Go to the line below containing "图4展示了该方法对不同路由指" and print exactly from there through the line containing "vyuzitie miestnosti je", both included. Print nothing else.

(PROVIDED INFORMATION Opens)

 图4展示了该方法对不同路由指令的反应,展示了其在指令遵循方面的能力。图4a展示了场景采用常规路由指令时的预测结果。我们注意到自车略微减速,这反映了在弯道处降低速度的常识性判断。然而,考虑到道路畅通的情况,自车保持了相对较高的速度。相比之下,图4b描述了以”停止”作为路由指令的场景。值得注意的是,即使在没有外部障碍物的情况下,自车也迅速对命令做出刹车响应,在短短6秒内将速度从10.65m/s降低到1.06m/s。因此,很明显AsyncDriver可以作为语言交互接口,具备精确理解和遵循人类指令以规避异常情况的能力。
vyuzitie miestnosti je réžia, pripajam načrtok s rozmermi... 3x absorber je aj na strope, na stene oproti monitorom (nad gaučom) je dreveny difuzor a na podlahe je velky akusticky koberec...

(PROVIDED INFORMATION Closes)
(PROVIDED INFORMATION Opens)

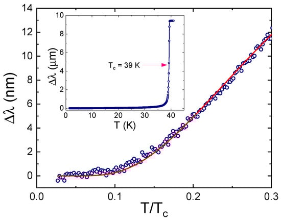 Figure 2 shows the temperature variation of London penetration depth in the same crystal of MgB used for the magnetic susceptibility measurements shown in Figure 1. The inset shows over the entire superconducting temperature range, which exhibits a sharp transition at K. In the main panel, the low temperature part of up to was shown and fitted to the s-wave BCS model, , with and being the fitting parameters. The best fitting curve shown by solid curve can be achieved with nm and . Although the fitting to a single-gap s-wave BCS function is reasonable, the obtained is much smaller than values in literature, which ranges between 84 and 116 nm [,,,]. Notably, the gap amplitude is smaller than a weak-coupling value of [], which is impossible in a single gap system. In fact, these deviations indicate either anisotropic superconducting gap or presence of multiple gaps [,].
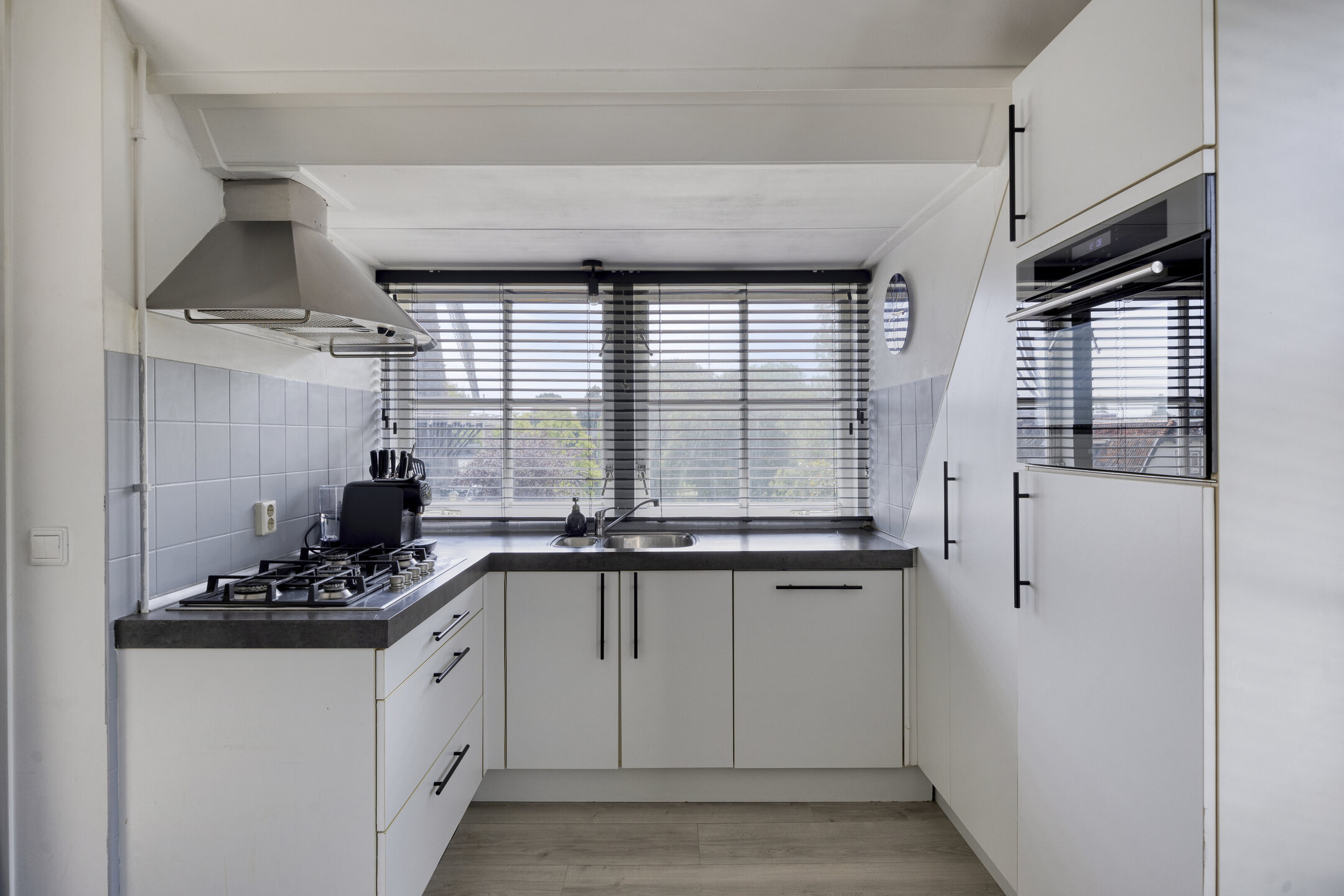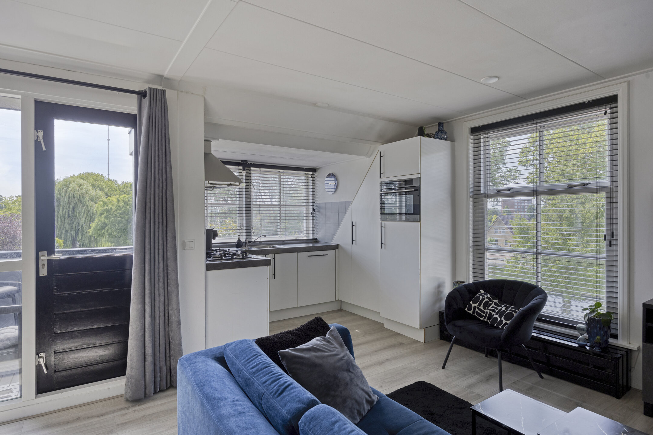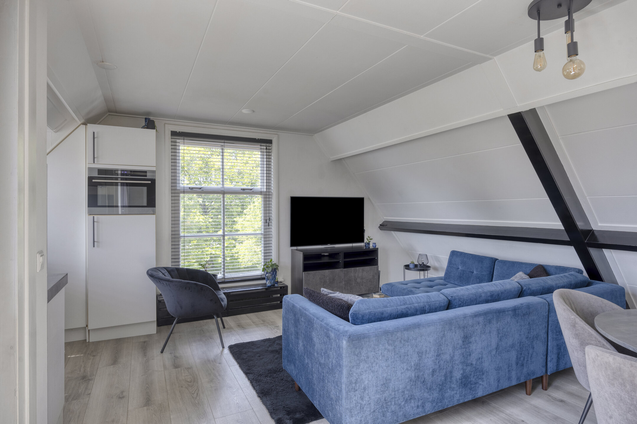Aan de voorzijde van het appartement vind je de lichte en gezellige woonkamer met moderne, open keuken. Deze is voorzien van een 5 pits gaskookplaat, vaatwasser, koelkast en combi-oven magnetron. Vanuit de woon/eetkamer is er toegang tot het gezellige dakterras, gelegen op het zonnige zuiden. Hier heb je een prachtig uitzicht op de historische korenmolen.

(PROVIDED INFORMATION Closes)

» TASK SOLUTION
 图4展示了该方法对不同路由指令的反应,展示了其在指令遵循方面的能力。图4a展示了场景采用常规路由指令时的预测结果。我们注意到自车略微减速,这反映了在弯道处降低速度的常识性判断。然而,考虑到道路畅通的情况,自车保持了相对较高的速度。相比之下,图4b描述了以”停止”作为路由指令的场景。值得注意的是,即使在没有外部障碍物的情况下,自车也迅速对命令做出刹车响应,在短短6秒内将速度从10.65m/s降低到1.06m/s。因此,很明显AsyncDriver可以作为语言交互接口,具备精确理解和遵循人类指令以规避异常情况的能力。
vyuzitie miestnosti je réžia, pripajam načrtok s rozmermi... 3x absorber je aj na strope, na stene oproti monitorom (nad gaučom) je dreveny difuzor a na podlahe je velky akusticky koberec...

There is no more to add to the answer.